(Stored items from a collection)
- Opening Delimiter -

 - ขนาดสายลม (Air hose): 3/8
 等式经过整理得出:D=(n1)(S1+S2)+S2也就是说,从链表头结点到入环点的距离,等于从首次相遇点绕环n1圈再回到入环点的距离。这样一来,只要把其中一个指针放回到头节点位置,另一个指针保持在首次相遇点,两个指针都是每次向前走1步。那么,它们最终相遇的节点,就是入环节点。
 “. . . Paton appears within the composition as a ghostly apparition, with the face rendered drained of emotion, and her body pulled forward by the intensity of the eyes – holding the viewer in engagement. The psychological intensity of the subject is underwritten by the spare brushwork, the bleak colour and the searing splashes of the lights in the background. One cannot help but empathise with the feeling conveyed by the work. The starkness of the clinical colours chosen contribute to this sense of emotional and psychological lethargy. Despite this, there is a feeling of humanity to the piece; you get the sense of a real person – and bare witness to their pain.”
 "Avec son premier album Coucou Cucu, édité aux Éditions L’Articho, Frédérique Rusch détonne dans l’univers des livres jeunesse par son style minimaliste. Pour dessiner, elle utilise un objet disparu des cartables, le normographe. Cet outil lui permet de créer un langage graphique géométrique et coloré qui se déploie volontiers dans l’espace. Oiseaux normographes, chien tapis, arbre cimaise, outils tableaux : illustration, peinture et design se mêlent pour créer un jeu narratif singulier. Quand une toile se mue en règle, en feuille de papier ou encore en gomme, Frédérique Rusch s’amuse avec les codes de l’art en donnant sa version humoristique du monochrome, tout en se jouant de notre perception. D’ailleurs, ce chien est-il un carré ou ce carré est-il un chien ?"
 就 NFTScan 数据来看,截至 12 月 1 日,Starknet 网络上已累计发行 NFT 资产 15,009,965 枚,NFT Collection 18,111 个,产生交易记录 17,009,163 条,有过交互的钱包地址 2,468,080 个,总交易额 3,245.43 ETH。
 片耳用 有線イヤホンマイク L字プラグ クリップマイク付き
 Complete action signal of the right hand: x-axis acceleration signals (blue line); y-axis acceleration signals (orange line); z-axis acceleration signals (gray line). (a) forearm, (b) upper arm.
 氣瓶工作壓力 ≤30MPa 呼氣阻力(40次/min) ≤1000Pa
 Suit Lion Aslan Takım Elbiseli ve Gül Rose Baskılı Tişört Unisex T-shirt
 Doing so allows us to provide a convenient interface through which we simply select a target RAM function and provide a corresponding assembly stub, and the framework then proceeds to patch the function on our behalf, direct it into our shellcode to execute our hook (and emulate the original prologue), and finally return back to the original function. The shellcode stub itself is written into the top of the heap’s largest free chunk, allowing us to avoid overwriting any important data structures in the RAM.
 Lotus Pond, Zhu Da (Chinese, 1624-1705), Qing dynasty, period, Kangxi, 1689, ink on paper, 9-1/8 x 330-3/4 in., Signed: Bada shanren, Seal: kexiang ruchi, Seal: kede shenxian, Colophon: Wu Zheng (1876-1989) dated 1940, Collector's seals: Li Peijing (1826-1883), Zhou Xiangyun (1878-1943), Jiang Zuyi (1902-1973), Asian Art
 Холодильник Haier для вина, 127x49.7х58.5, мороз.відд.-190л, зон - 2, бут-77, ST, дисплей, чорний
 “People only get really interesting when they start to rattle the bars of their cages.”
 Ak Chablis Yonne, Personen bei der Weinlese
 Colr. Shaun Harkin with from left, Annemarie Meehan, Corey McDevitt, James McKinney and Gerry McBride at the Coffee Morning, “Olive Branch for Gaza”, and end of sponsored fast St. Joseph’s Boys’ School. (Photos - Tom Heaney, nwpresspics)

- Closing Delimiter -

■ WHAT IS BEING ASKED: Nothing in the data above may be skipped; repeat it all exactly.

■ EXERCISE OUTPUT:
 - ขนาดสายลม (Air hose): 3/8
 等式经过整理得出:D=(n1)(S1+S2)+S2也就是说,从链表头结点到入环点的距离,等于从首次相遇点绕环n1圈再回到入环点的距离。这样一来,只要把其中一个指针放回到头节点位置,另一个指针保持在首次相遇点,两个指针都是每次向前走1步。那么,它们最终相遇的节点,就是入环节点。
 “. . . Paton appears within the composition as a ghostly apparition, with the face rendered drained of emotion, and her body pulled forward by the intensity of the eyes – holding the viewer in engagement. The psychological intensity of the subject is underwritten by the spare brushwork, the bleak colour and the searing splashes of the lights in the background. One cannot help but empathise with the feeling conveyed by the work. The starkness of the clinical colours chosen contribute to this sense of emotional and psychological lethargy. Despite this, there is a feeling of humanity to the piece; you get the sense of a real person – and bare witness to their pain.”
 "Avec son premier album Coucou Cucu, édité aux Éditions L’Articho, Frédérique Rusch détonne dans l’univers des livres jeunesse par son style minimaliste. Pour dessiner, elle utilise un objet disparu des cartables, le normographe. Cet outil lui permet de créer un langage graphique géométrique et coloré qui se déploie volontiers dans l’espace. Oiseaux normographes, chien tapis, arbre cimaise, outils tableaux : illustration, peinture et design se mêlent pour créer un jeu narratif singulier. Quand une toile se mue en règle, en feuille de papier ou encore en gomme, Frédérique Rusch s’amuse avec les codes de l’art en donnant sa version humoristique du monochrome, tout en se jouant de notre perception. D’ailleurs, ce chien est-il un carré ou ce carré est-il un chien ?"
 就 NFTScan 数据来看,截至 12 月 1 日,Starknet 网络上已累计发行 NFT 资产 15,009,965 枚,NFT Collection 18,111 个,产生交易记录 17,009,163 条,有过交互的钱包地址 2,468,080 个,总交易额 3,245.43 ETH。
 片耳用 有線イヤホンマイク L字プラグ クリップマイク付き
 Complete action signal of the right hand: x-axis acceleration signals (blue line); y-axis acceleration signals (orange line); z-axis acceleration signals (gray line). (a) forearm, (b) upper arm.
 氣瓶工作壓力 ≤30MPa 呼氣阻力(40次/min) ≤1000Pa
 Suit Lion Aslan Takım Elbiseli ve Gül Rose Baskılı Tişört Unisex T-shirt
 Doing so allows us to provide a convenient interface through which we simply select a target RAM function and provide a corresponding assembly stub, and the framework then proceeds to patch the function on our behalf, direct it into our shellcode to execute our hook (and emulate the original prologue), and finally return back to the original function. The shellcode stub itself is written into the top of the heap’s largest free chunk, allowing us to avoid overwriting any important data structures in the RAM.
 Lotus Pond, Zhu Da (Chinese, 1624-1705), Qing dynasty, period, Kangxi, 1689, ink on paper, 9-1/8 x 330-3/4 in., Signed: Bada shanren, Seal: kexiang ruchi, Seal: kede shenxian, Colophon: Wu Zheng (1876-1989) dated 1940, Collector's seals: Li Peijing (1826-1883), Zhou Xiangyun (1878-1943), Jiang Zuyi (1902-1973), Asian Art
 Холодильник Haier для вина, 127x49.7х58.5, мороз.відд.-190л, зон - 2, бут-77, ST, дисплей, чорний
 “People only get really interesting when they start to rattle the bars of their cages.”
 Ak Chablis Yonne, Personen bei der Weinlese
 Colr. Shaun Harkin with from left, Annemarie Meehan, Corey McDevitt, James McKinney and Gerry McBride at the Coffee Morning, “Olive Branch for Gaza”, and end of sponsored fast St. Joseph’s Boys’ School. (Photos - Tom Heaney, nwpresspics)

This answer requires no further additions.